Task directions —
Skipping all pictures, print exactly the lines below from the one with "Al final de" through the final line.

====== Data in this exercise ======

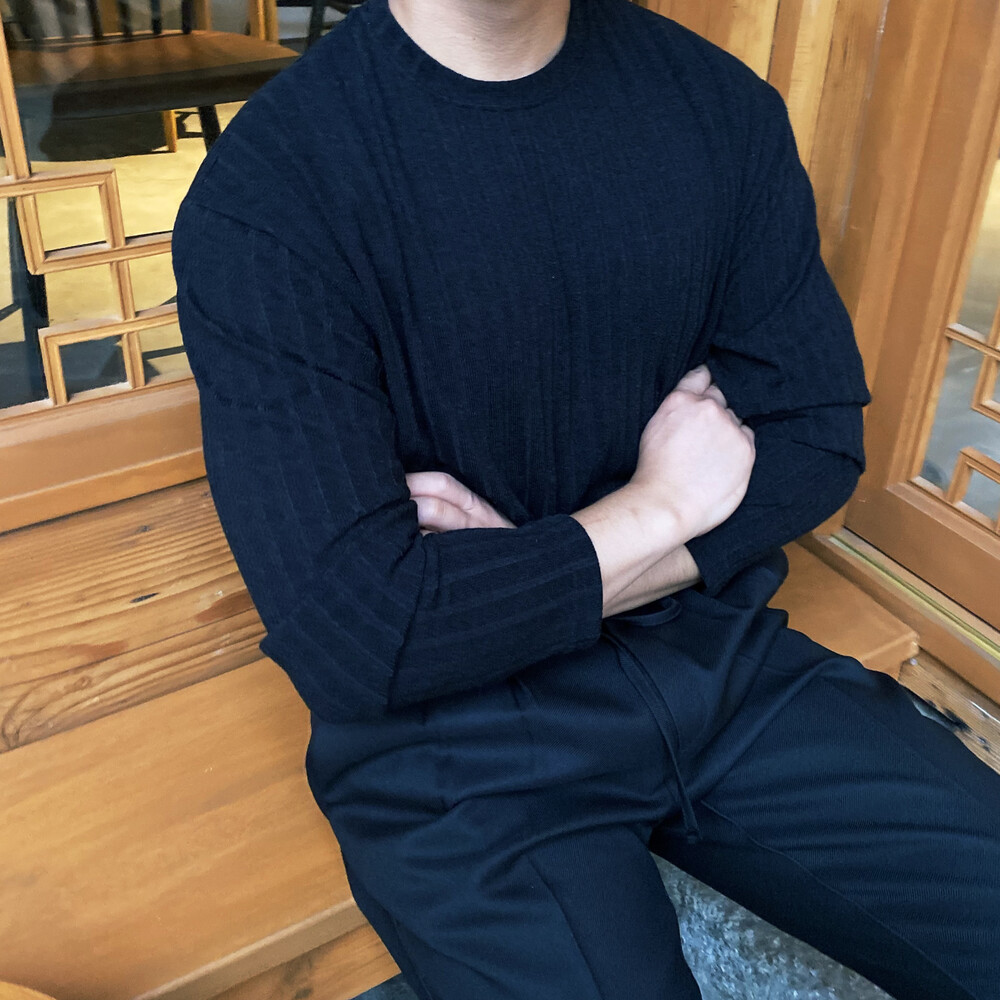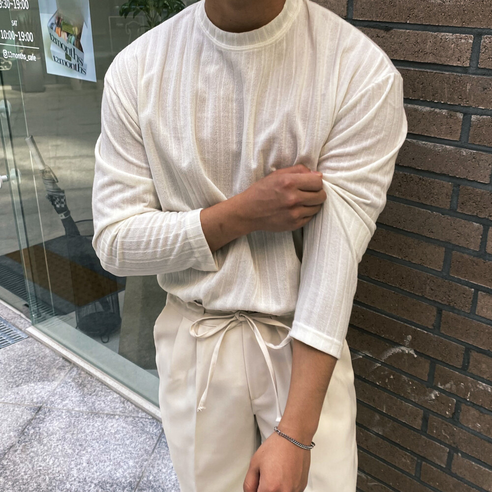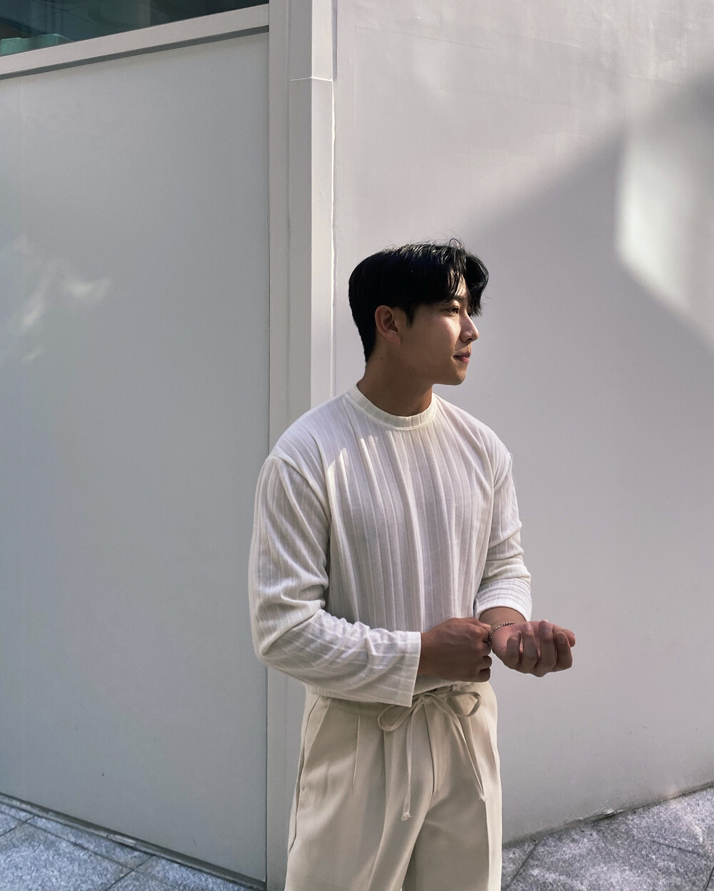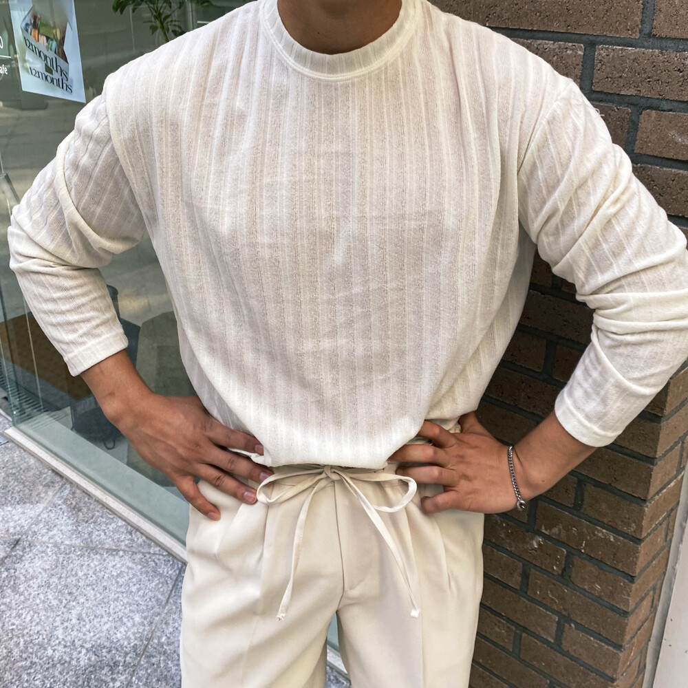 세로 스트라이프 패턴의 보들보들한 레노바 원단 니트티입니다
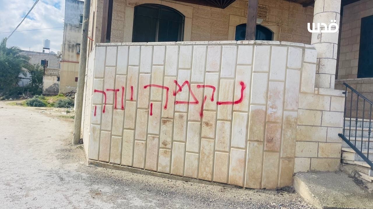 In Jalud, southeast of Nablus, dozens of armed and masked Israeli settlers raided the villages and carried out arson attacks. The attackers also burned four vehicles, three of which were completely destroyed. Israeli settlers spray-painted hostile graffiti on a mosque and a home in the village of Jalud, southeast of Nablus.
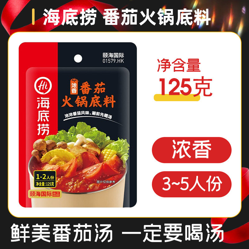 --------------------- 海底捞浓香番茄火锅料125g火锅底料小包装一人份家用方便清汤锅底 【原售价】57.7元 【现售价】6.9元 【推荐理由】
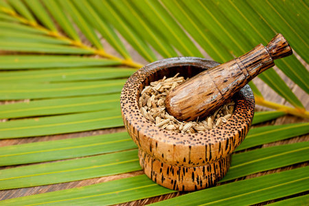 Caraway Seeds in Tradiational Wooden Mortar with space for text
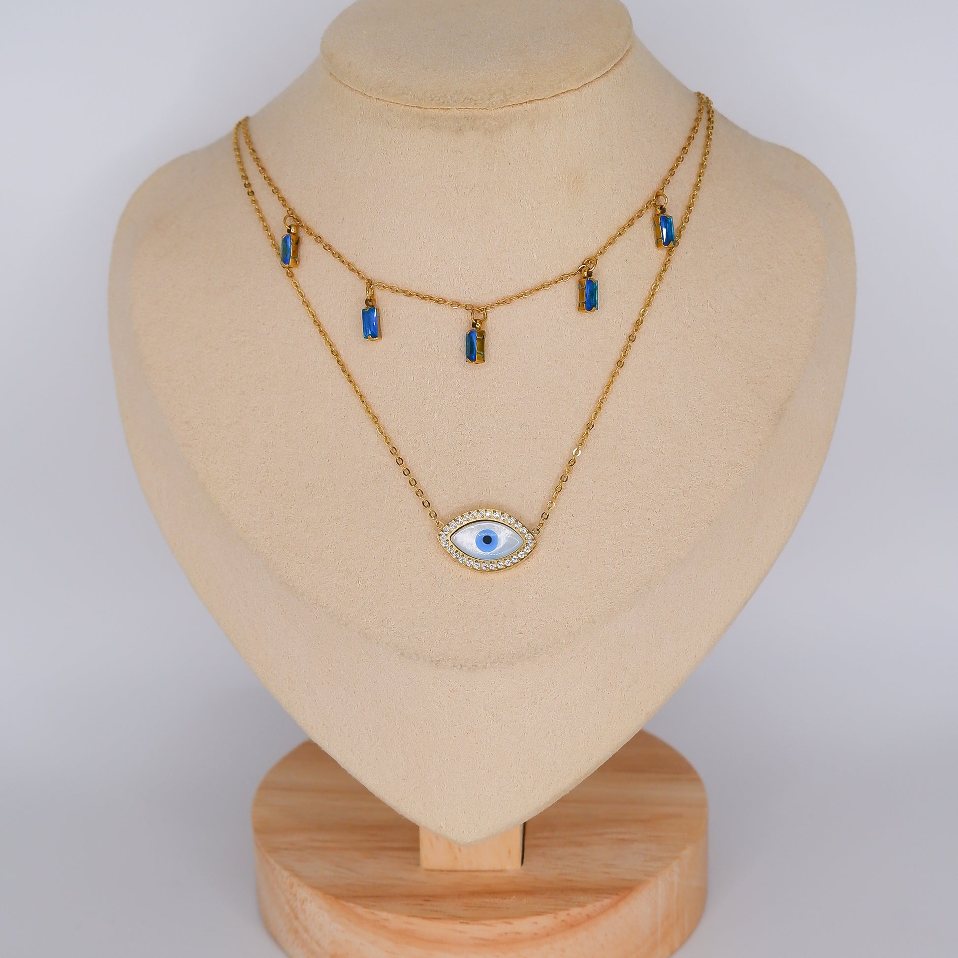 Colares Olho e Brilhos Azuis Pendentes
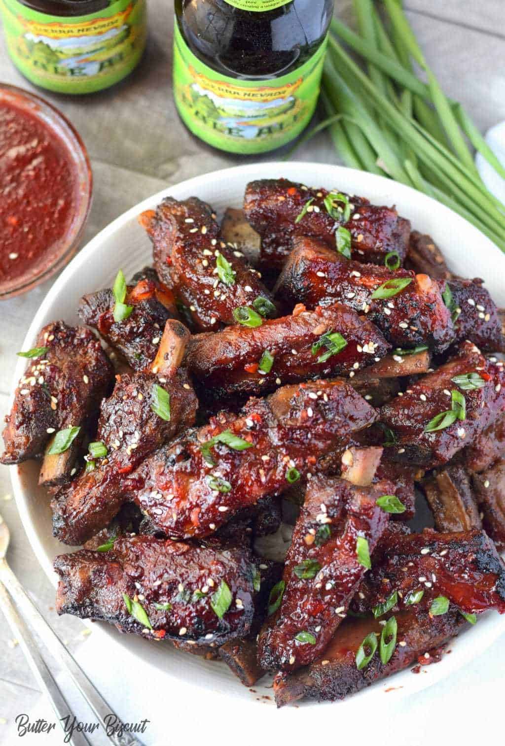 Al final de la cocción, retiré las costillas, saqué aproximadamente 1/2 taza de líquido y lo dejé enfriar durante unos minutos. Le añadí maicena al caldo frío para que no quedara grumoso y volví al caldo y batí bien. Encendió la olla de cocción lenta y devolvió las costillas al caldo. También agregué unas 2 cucharadas de salsa de soya y 2 dientes de ajo picado 1/2 hora antes de servir. Estoy seguro de que asar las costillas a la parrilla habría sido excelente, pero opté por mantenerlo simple y lo delicioso todavía estaba allí.
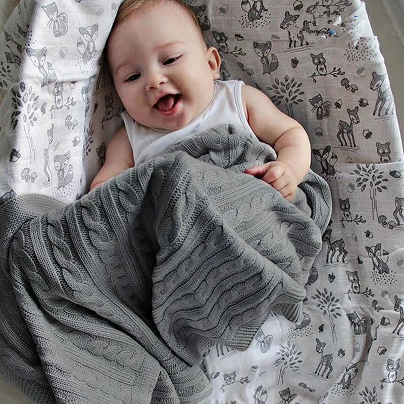Вязаное Пеленальное Одеяло для новорожденных, пеленка на коляску, д...

======

Solution —
 Al final de la cocción, retiré las costillas, saqué aproximadamente 1/2 taza de líquido y lo dejé enfriar durante unos minutos. Le añadí maicena al caldo frío para que no quedara grumoso y volví al caldo y batí bien. Encendió la olla de cocción lenta y devolvió las costillas al caldo. También agregué unas 2 cucharadas de salsa de soya y 2 dientes de ajo picado 1/2 hora antes de servir. Estoy seguro de que asar las costillas a la parrilla habría sido excelente, pero opté por mantenerlo simple y lo delicioso todavía estaba allí.
Вязаное Пеленальное Одеяло для новорожденных, пеленка на коляску, д...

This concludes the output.